Months turned to years, and my brother and I needed something to do one hot summer day. We decided to challenge the junkyards in a game of mud, oil, and grease. It was always a great time and would have been again, but destiny had other plans. There she sat, my beloved 1987 Dodge Ram 50. Smashed on every corner, missing wheels, and another truck sitting on her roof. I felt sickened. Something I had worked so very hard on was now crushed right before my eyes. It was truly an awful feeling that I would not want any other gearhead to go through. I reluctantly approached the truck knowing full well that I had done her wrong. A silent heart felt apology was in order as I slowly meandered my way around the back of the truck. My custom tailgate, the green drums, the lowering blocks, the interior, the tint. It was all still there, just horrified in every sense of the word…. I spent a few minutes thinking about all the great times we had, snapped off some pictures for memories, and then shamefully walked away.
Amazingly, this saga didn’t end that day in the junkyard, but “The Reincarnation” is a story best left for another day. Anybody interested?
Every car in Massachusetts is rusty. Whether you have a 1955 Lincoln Capri or a 2010 Chevy Camaro, in the North East, your car’s destiny is rust. Now, if the nice cars are rusty, just imagine what the vehicles in our junkyards look like. They are absolutely horrifying at best. In the time that it takes to remove a junkyard fender, it often erodes itself back into dirt right before your eyes. Bolts? HA! After 1 year (so… 2009 models at this point), all bolts become permanent. At the 2 year mark, the bolts don’t even look like bolts anymore. They become round rusty buttons that can only be removed by breaking the head off with Vise-Grips. It is truly an awful experience. Thank goodness for torches, Sawzalls, sharp drill bits, and tetanus shots.
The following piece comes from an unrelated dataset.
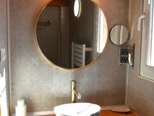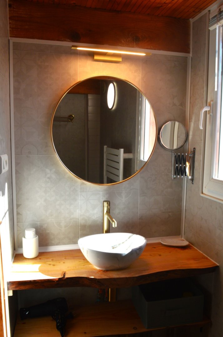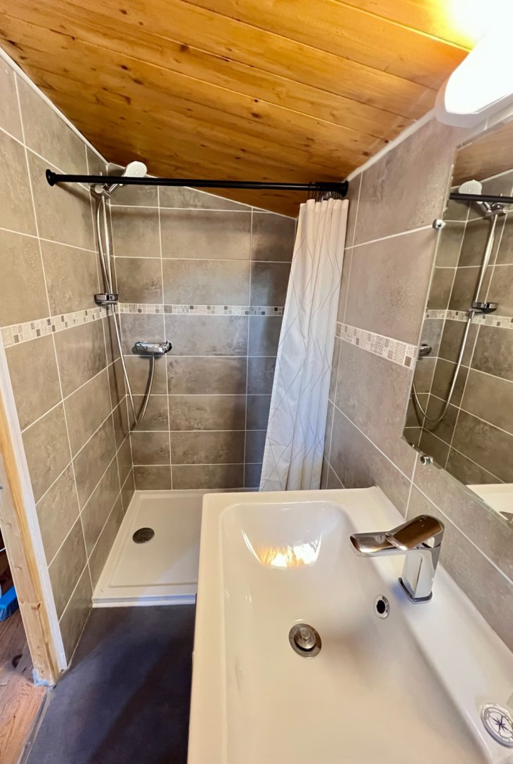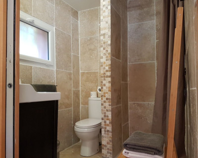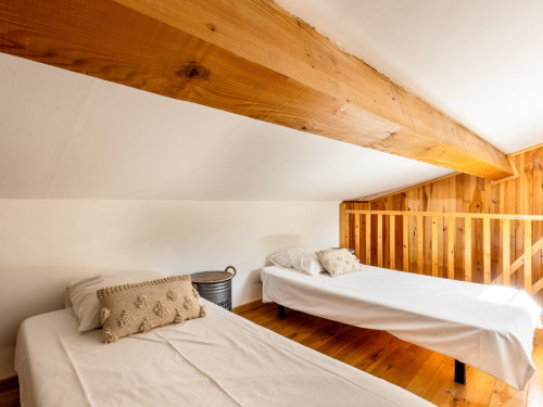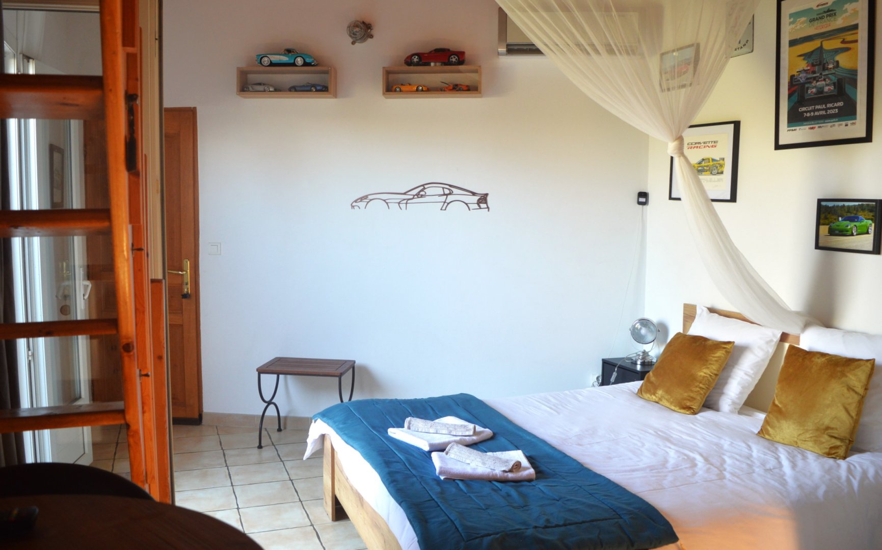 Cette chambre est entièrement climatisée et elle se compose d’une chambre avec un lit double Queen Size, d’une mezzanine avec deux lits simples 90x190 et d’une salle d’eau avec douche, lavabo et WC. Possibilité, sur demande de rajouter un lit bébé.

Arizona cars on the other hand, are better in every possible way. Rusty cars (New England style) just don’t exist out there. What they consider a junkyard car is usually “flawless” in my opinion. The nicest cars I personally own aren’t as clean as what is found in their junkyards. It’s quite sad really. Over the last few years, I have had the pleasure of working on several classic cars from the South West, and I laugh like the village idiot the entire time I work on them because I can’t believe that the bolts come out. Underneath the AZ cars, the original hydraulic brake lines and parking brakes cables are often still there and working. It is a gearhead fairytale.
Let’s do a comparison, to see who the real winner is. Massachusetts on the left, and Arizona on the right. Ding Ding Ding. FIGHT!
Sure enough, Arizona wins with a KO, as expected. If you want to restore an old car, just buy a rust free body from someplace dry. It will save you thousands of dollars, trillions of hours, and a Tetanus shot.